The Work Programme, the Government’s flagship ‘back to work’ scheme, was launched in June 2011. It aims to tackle long-term unemployment by paying firms to give those unemployed for 12 months or more specialist support to get a job (the qualifying period is 9 months for under 25s and for those coming off Incapacity Benefit). This was to bring together all previous types of employment support into one and be the biggest, best and cheapest such programme ever.
While in principle I support schemes like this – Labour’s New Deal was first – the sad fact is that the Work Programme isn’t working.
For the first 18 months DWP Ministers refused to give any interim outcome data on the ground that it had to be properly verified first (and forbade the providers from doing so either). In the interim, the Work and Pensions Select Committee spoke to the Minister responsible at the time, Chris Grayling, on 19 March 2012.
When the Government did eventually release figures on the first 14 months of the Work Programme on 27 November 2012, they revealed that targets for the first year target had not been met (DWP also released an accompanying document and the Employment Minister Mark Hoban issued a written statement to parliament).
In Edinburgh 6500 people went on the scheme in its first year but just 170 got permanent jobs. That’s a success (or failure) rate of less than 3 per cent. Across the UK it is just 2 per cent. The government said if there was no Work Programme then at least 5 in every 100 people would find jobs anyway. So the Coalition’s flagship work scheme is so bad they would have been as well doing nothing. I highlighted this in a story in the Edinburgh Evening News.
Early days, said Ministers, and anyway there had been some 200,000 job starts, conveniently announced by the ‘trade association’ for the providers. But why should we now suddenly be expected to believe such unverified data when we were told before how misleading that could be? I put this in a question to the Employment Minister Mark Hoban on 10 December 2012.

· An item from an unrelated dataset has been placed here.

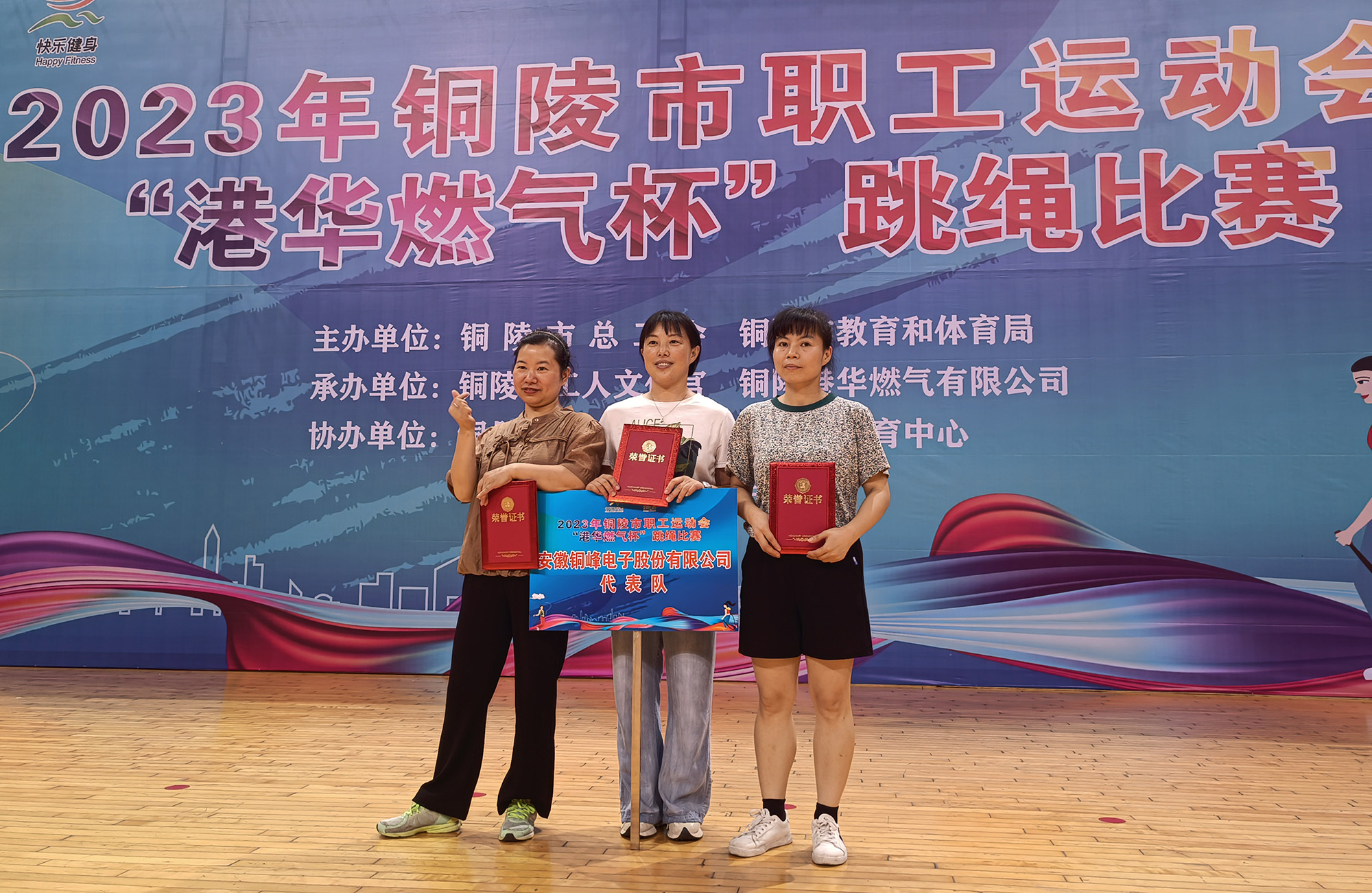 7月15日,由铜陵市总工会和教育体育局主办的2023年铜陵市职工运动会跳绳比赛在市体育中心举行。公司选送4名选手参加“女子一分钟跳绳”比赛项目。经过激烈角逐,公司参赛选手取得优异成绩,张素珍、孙艳红包揽冠亚军,吴艳获得第六名。

Then, following a question from my colleague Gemma Doyle to Prime Minister, where he referred to trade association figures again, I wrote to Mr Cameron to complain. Unfortunately he passed my letter back to DWP, and I got this response from Lord Freud
Since then Ministers have been trying to hide behind a letter from the UK Statistics Authority that suggests that this might not be the best measure upon which to judge the Work Programme’s performance (see Ian Duncan Smith in the Commons on 10 May 2013). While it may not be the best measure, it is still a measure worth considering, and more importantly it was the measure the Government chose when it launched the Work Programme in June 2011. Work Programme Provider Guidance explicitly states that ‘Performance will be measured by comparing job outcomes achieved with referrals in the same period.’ Ministers should not be trying to duck responsibility in this way.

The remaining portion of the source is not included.